How to achieve this?

   public class TokenProvider
   {
        private readonly HttpClient _httpClient;
        private Token _token;
        private object _lock = new object();

        public TokenProvider(HttpClient httpClient)
        {
            _httpClient = httpClient;
        }

        public async Task<string> GetTokenAsync()
        {
            if (_token != null && !_token.IsExpired())
            {
                return _token;
            }
            else
            {
                string oauthPostBody = string.Format(
                    "grant_type=client_credentials&client_id={0}&client_secret={1}", "fakeClientId", "fakeSecret");
                var tokenEndpoint = ...;
                var response = await _httpClient.PostAsync(tokenEndpoint.Uri, new StringContent(oauthPostBody));
                var responseContent = await response.Content.ReadAsStringAsync();
                var jsonResponse = JsonConvert.DeserializeObject<dynamic>(responseContent);

                lock (_lock)
                {
                    if (_token == null || _token.IsExpired())
                    {
                        string expiresIn = jsonResponse.expires_in;
                        _token = new Token(jsonResponse.access_token, int.Parse(expiresIn));
                    }
                    return _token;
                }
            }
        }

        private class Token
        {
            private readonly string _token;
            private readonly DateTime _expirationDateTime;

            public Token(string token, int expiresIn)
            {
                _token = token;
                _expirationDateTime = DateTime.UtcNow.AddSeconds(expiresIn);
            }

            public bool IsExpired()
            {
                return DateTime.UtcNow > _expirationDateTime;
            }

            public static implicit operator string(Token token)
            {
                return token._token;
            }
        }
    }

However, I have my doubts that the above is the way to go.

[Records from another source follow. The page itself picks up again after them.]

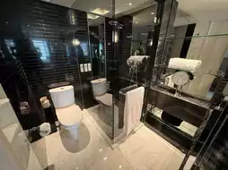 Most satisfied, of course, as always high standard accommodation environment, but personally like the city view room bathroom design, because the Queen's Statue Square view room layout is a little different, the washbasin will be placed in the middle of the shower area and bathtub.
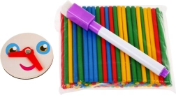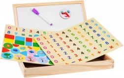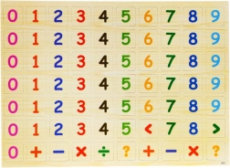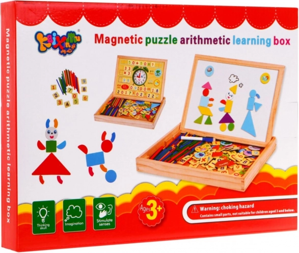 Praktična drvena kutija služi kao spremište cjelokupnog pribora, a na njenoj donjoj strani nalazi se tablica množenja za brzu provjeru rezultata. Zahvaljujući priloženim karticama i uputama djeca mogu slagati slike od magnetnih oblika te tako razvijati kreativnost i finu motoriku.
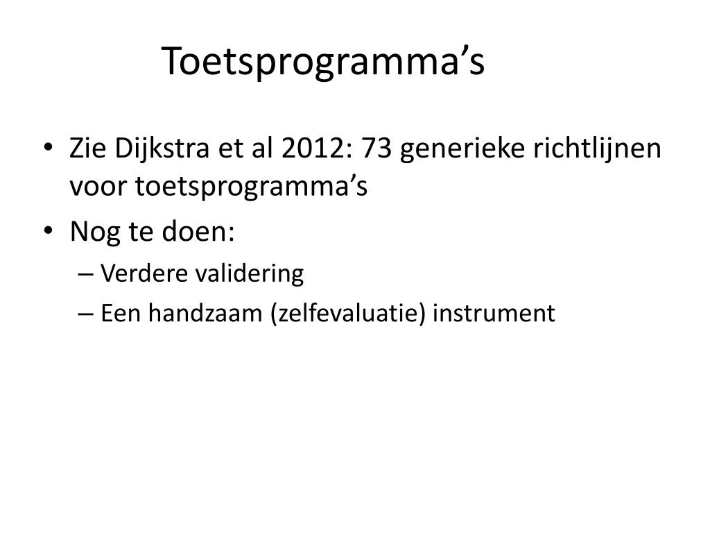 Toetsprogramma’s • Zie Dijkstra et al 2012: 73 generieke richtlijnen voor toetsprogramma’s • Nog te doen: • Verdere validering • Een handzaam (zelfevaluatie) instrument
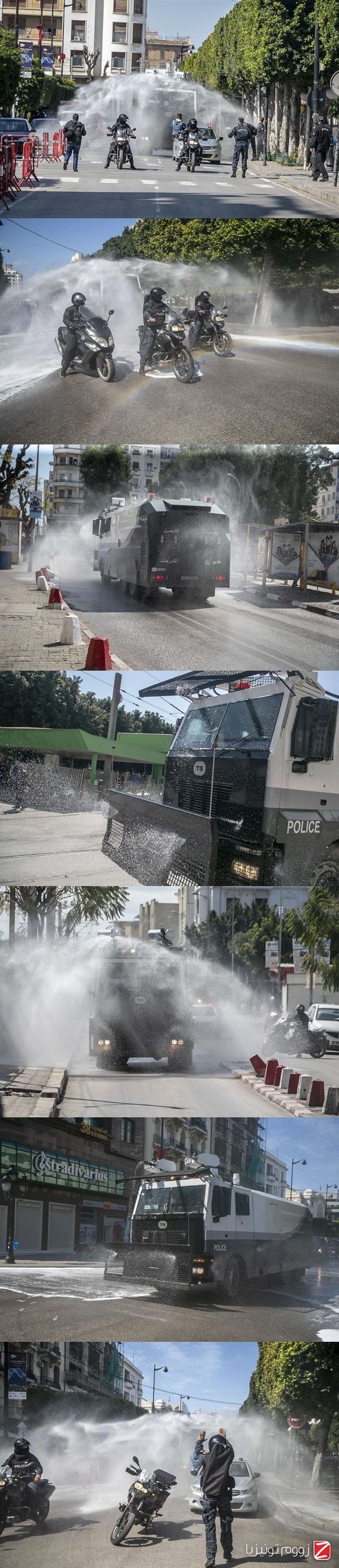 وقال آمر الفوج الوطني للمدرعات العقيد سفيان المرزوقي، في تصريحات إعلامية، إن "فرق الأمنيين قامت بإدخال تعديلات على المدرعات (المخصصة لتفريق المحتجين بالماء) وإضافة مواد تعقيم عليها لاستعمالها في التطهير".

This suspicion is based on, among other things, compiler optimizations; see this post by Eric Lippert.

I'm trying to do such that the token can be read by many threads at once, but only updated by a single. I've also looked into ReaderWriterLockSlim, but this doesn't seem to help solve my problem. (Note that it gets even more complicated by the fact that I have an async call in GetTokenAsync.)

Update Based on @EricLippert remarks, I've updated the code:

public class TokenProvider
{
    private readonly HttpClient _httpClient;
    private readonly IApplicationConfig _config;
    private Token _token;
    private AsyncReaderWriterLock _lock = new AsyncReaderWriterLock();

    public TokenProvider(HttpClient httpClient, IApplicationConfig config)
    {
        _httpClient = httpClient;
        _config = config;
    }

    public bool TryGetExistingToken(out string token)
    {
        using (_lock.ReaderLock())
        {
            if (_token != null)
            {
                token = _token;
                return true;
            }
            else
            {
                token = null;
                return false;
            }
        }
    }

    public async Task<string> GetNewTokenAsync()
    {
        using (await _lock.WriterLockAsync())
        {
            if (_token != null && !_token.IsExpired())
            {
                return _token;
            }
            else
            {
                var clientId = _config.Get<string>("oauth.clientId");
                var secret = _config.Get<string>("oauth.sharedSecret");
                string oauthPostBody = string.Format(
                    "grant_type=client_credentials&client_id={0}&client_secret={1}", clientId, secret);
                var queueEndpoint = _config.GetUri("recommendationQueue.host");
                var tokenPath = _config.Get<string>("recommendationQueue.path.token");
                var tokenEndpoint = new UriBuilder(queueEndpoint) {Path = tokenPath};
                var response = await _httpClient.PostAsync(tokenEndpoint.Uri, new StringContent(oauthPostBody));
                var responseContent = await response.Content.ReadAsStringAsync();
                var jsonResponse = JsonConvert.DeserializeObject<dynamic>(responseContent);

                if (_token == null || _token.IsExpired())
                {
                    string expiresIn = jsonResponse.expires_in;
                    string accessToken = jsonResponse.access_token;
                    _token = new Token(accessToken, int.Parse(expiresIn));
                }
                return _token;
            }
        }
    }

    private class Token
    {
        private readonly string _token;
        private readonly DateTime _expirationDateTime;

        public Token(string token, int expiresIn)
        {
            _token = token;
            _expirationDateTime = DateTime.UtcNow.AddSeconds(expiresIn);
        }

        public bool IsExpired()
        {
            return DateTime.UtcNow > _expirationDateTime;
        }

        public static implicit operator string(Token token)
        {
            return token._token;
        }
    }
}

I'm using this AsyncReaderWriterLock by Stephen Cleary. Is this a better approach? Or have I just digged myself into an even larger hole?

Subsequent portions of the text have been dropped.